An educational collaborative to offer expanded college-level opportunities to high school students and strengthen ties between the Santa Monica-Malibu Unified School District and Santa Monica College (SMC) was announced Monday, May 21st, by officials of the school district and the college.
While the college and the school district have worked together for some time, they have finally “formalized” the collaboration with a memorandum of understanding approved by the SMC board of trustees and the district school board.
With the formal collaborative, the efforts between the college and the district will be more organized, more involved and expanded for high school students, said Chiung-Sally Chou, chief academic officer for the Santa Monica-Malibu district.
Several new initiatives will be undertaken as early as this summer, school district superintendent Dianne Talarico said.
“Our goal is to increase access for all students,” said Talarico, who believes the collaborative will extend opportunities to more students in the district.
“This is a historic event that greatly increases college course offerings to an even wider variety of high school students in the unified school district,” said SMC president Dr. Chui L. Tsang of the collaborative. “Santa Monica College is a major resource for educational advancement and enrichment to our local high school students and we want them to take full advantage of our excellence.”

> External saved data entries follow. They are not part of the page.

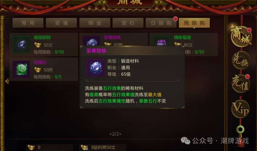 至尊陨铁:洗练装备五行效果的稀有材料有极高概率将五行效果值洗练至最大值洗练后五行效果属性随机,装备五行不变。
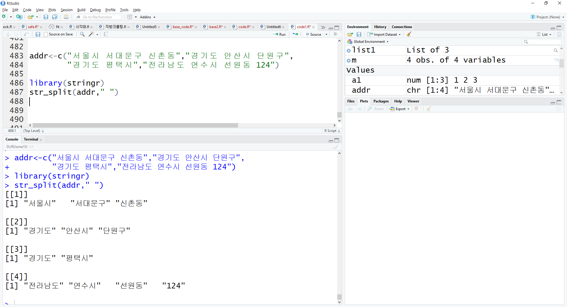 c("서울시 서대문구 신촌동","경기도 안산시 단원구", "경기도 평택시","전라남도 연수시 선원동 124")
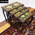 Hand-Painted Rajasthan Nesting Tables - Set of 4 Eclectic Indian Side Tables | Multi-Functional Space-Saving Design for Living Room Decor | CTB-208 (L20.5 W16 H21 Inches)
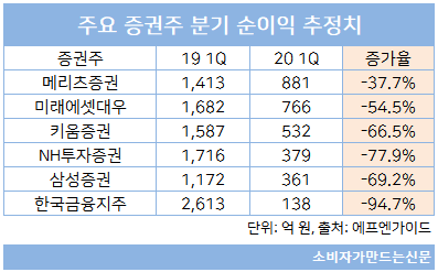 금융정보업체 에프엔가이드에 따르면 올해 1분기 주요 증권주의 순이익은 전년 대비 30~90%가량 감소할 것으로 예측되고 있어 증권사들의 한숨도 깊어지고 있는 상황이다.
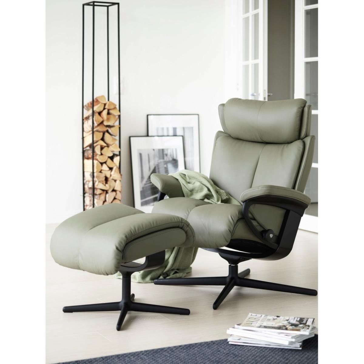 Please Note that this product does NOT come with the footstool included The Stressless Magic Chair is crafted using only the very finest materials, and is sure to bring supreme comfort to your living room. The Stressless Magic Chair is available in three sizes, so you can choose the right one for your body type. Stressless® Plus™ something other recliner chairs don't have, it's the ability to keep your eye line secure as you recline which has benefits for long term neck support. Stressless® glide system You won't boost upright at any given moment nor will you struggle to get into a reclined position. It is the ideal automatic seat-setting function. Sleep Function take five or maybe even more once you realise the handy sleeping function that lays the headrest flat so it becomes perfectly comfortable for a nap. Swivel the base allows for a complete 360 rotation, allowing you to adjust your direction with ease. Footstool not included Small w/Cross Base: h:101.0-111.0cm d:76.0cm w:78.0cm (Seat Height: 45.0cm) Medium w/Cross Base: h:102.0-112.0cm d:78.0cm w:82.0cm (Seat Height: 45.0cm) Large w/Cross Base: h:102.0-112.0cm d:84.0cm w:91.0cm (Seat Height: 47.0cm) Stressless® Plus™ system 10 Year Guarantee on fabrication faults on internal mechanism Patented Stressless Glide® and Plus® systems respond to the movement of your body
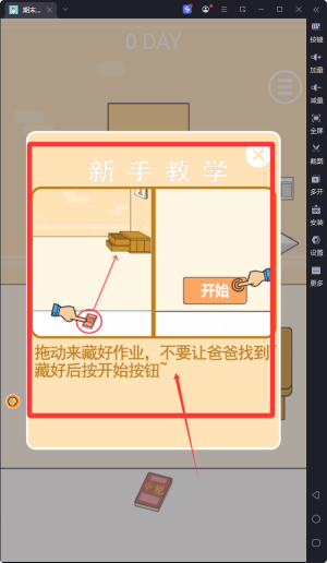 2、玩家要收集场景中的道具,巧妙应用各种特殊位置来躲开老爸的搜查。通过利用道具和场景的特点,玩家可以增加藏匿的成功率。
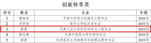 近日,天津市教育发展基金会公布了2021年天津市大学生创新创业奖学金获奖名单,我校纺织科学与工程学院2019级博士生高鲁获得创新奖学金特等奖,数学科学学院信息与计算科学专业2014级本科生李鼎辰获得创业奖学金特等奖。程金雪、齐鲁豫、温滨正3名同学获得创新奖学金优秀奖,宋兴辉、胡宇辉、朵永超3名同学获得创业奖学金优秀奖。
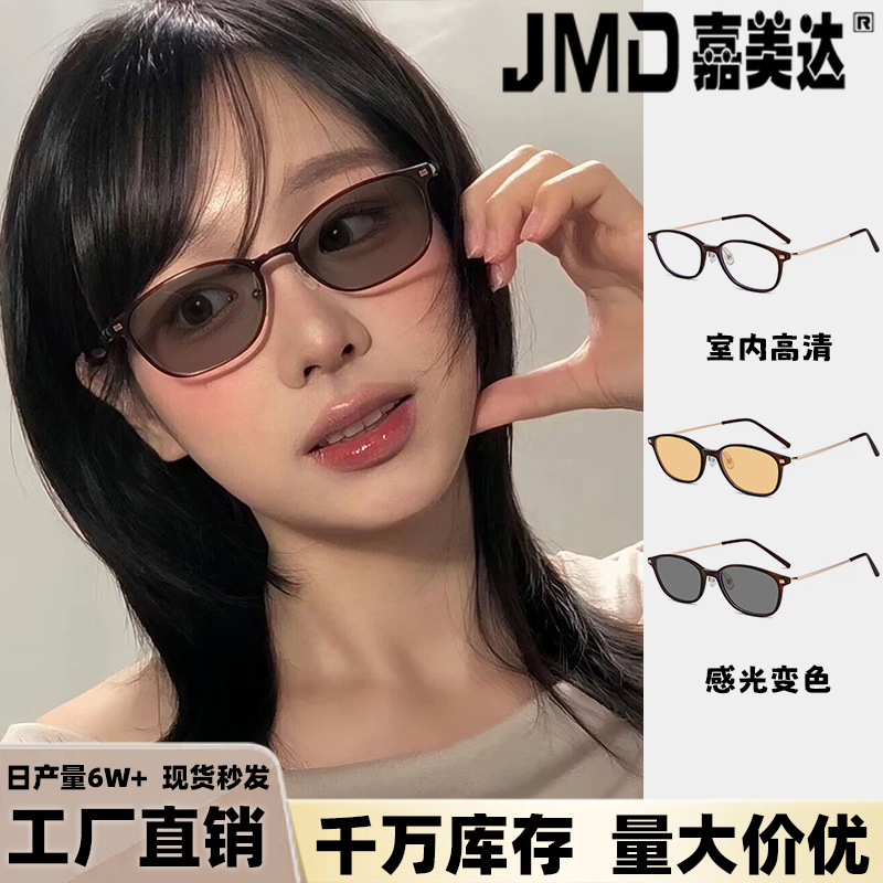 高级感变色眼镜男女通用新个性潮流方框平光镜黑框素颜网红光学镜
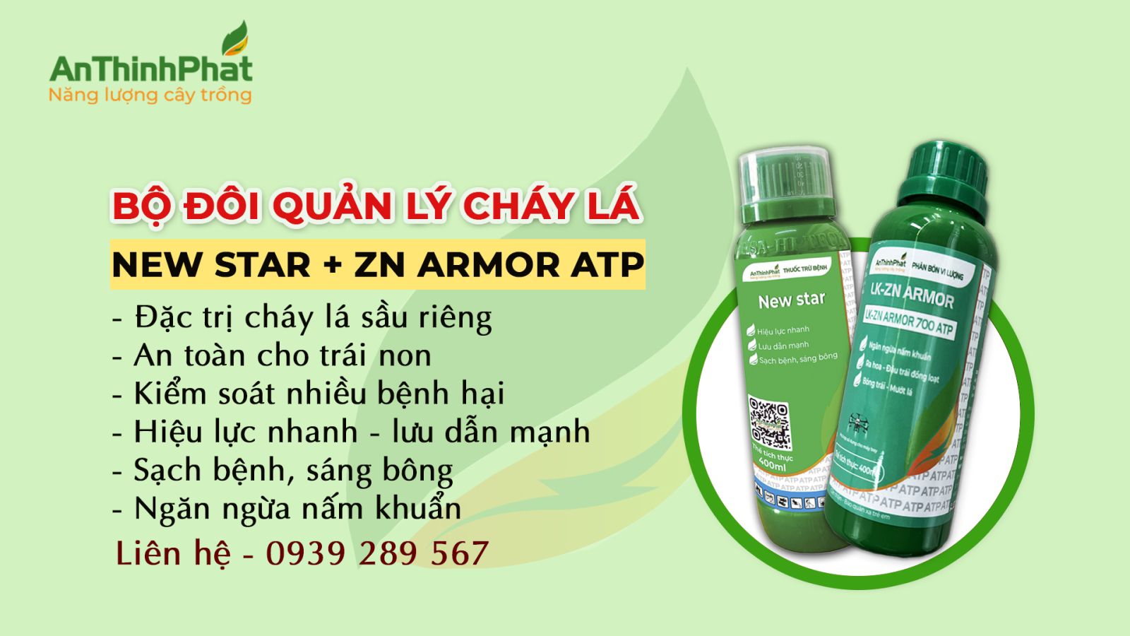 Bên cạnh đó, bộ đôi quản lý cháy lá gồm New Star + Zn Armor cũng có hiệu quả trong việc quản lý cháy lá do thán thư gây ra. Đối với bộ đôi này, nhà vườn có thể sử dụng theo liều lượng 1 chai New Star + 1 chai Zn Armor pha cho 400 lít nước, phun toàn thân cành và mặt dưới lá theo định kỳ 7 - 10 ngày/ 1 lần, phun từ 2 đến 3 lần.
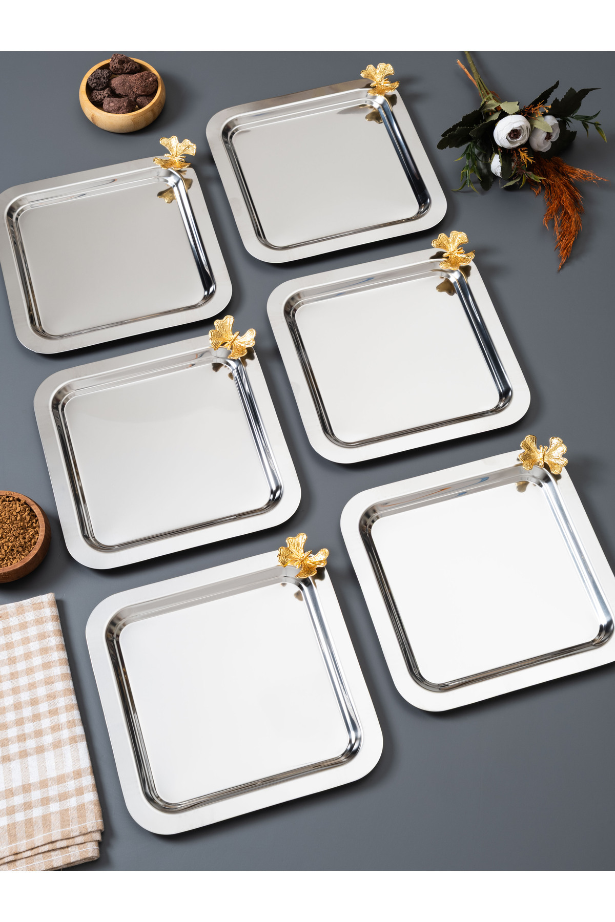 6 Lı Paslanmaz Çelik Kare Model 6 Lı Kahve Tepsisi Kelebek Aksesuarlı Lüx Sunum 6 Lı Paslanmaz Çelik Kare Model 6 Lı Kahve Tepsisi Kelebek Aksesuarlı Lüx Sunum PRA-12696933-5815 تک سایز

Many, like Talarico and Tsang, also hope that this collaborative will increase the number of students wishing to pursue post-secondary education.
Under the new collaborative, college courses for high school students at SMC and at the high schools in core and elective programs will be expanded.
The college and the district will also work closely to develop articulation in English and math so that more “students are prepared for college-level courses when they enter SMC or other institutions of higher education,” officials said.
Also, an Early College High School Program for ninth-to-12th-graders will be established. Details of the program are still in the works.
“It’s a great day for our kids,” Talarico said.
School board vice president Oscar de la Torre agreed, calling the collaborative the mark of a “new era of partnership.”
“It’s an incredible victory for our students and a tremendous milestone for public education,” de la Torre said.
School board president Kathy Wisnicki called it an “exciting educational opportunity for students.”
Rob Rader, vice chair of the SMC Board of Trustees, said he was delighted to be able to “broaden and deepen” the relationship the college already had with the school district to help students achieve.
With this broadening and deepening of the relationship between the college and district, Chou thinks the program will have more structure and “target additional students who have not had the opportunity [to participate].”
Additionally, Chou believes the program will help high school students “get more acclimated to a college campus,” which she thinks may encourage students who have not already done so to pursue post-secondary education.
High school students will be limited to taking 20 credits per semester at SMC, for a total of 40 credits, Chou said. Students will get both high school and college credit for the courses.
“That’s the beauty of the program,” said Jeff Shimizu, SMC academic affairs vice president. “This is all about offering educational opportunities for students.”
The college courses are free to high school students, who are assessed before taking the classes to make sure they are prepared for the course and the workload.
Assessments are free. The only thing students have to pay for is the books.
The bulk of the program will be at SMC, Chou said.
“We want [students] to look at college life — entice students to go to college,” said Chou. “We want them to think, ‘College is an option for me.'”
Former longtime school board member and now 41st District assemblywoman Julia Brownley was not able to attend the gathering, but commended the district and college for their “vision and creativity.”
Brownley said that she believes the collaborative will give Santa Monica-Malibu students “a very advantageous academic jump-start in being fully prepared for college,” and she said she is looking forward to seeing the details of the effort develop.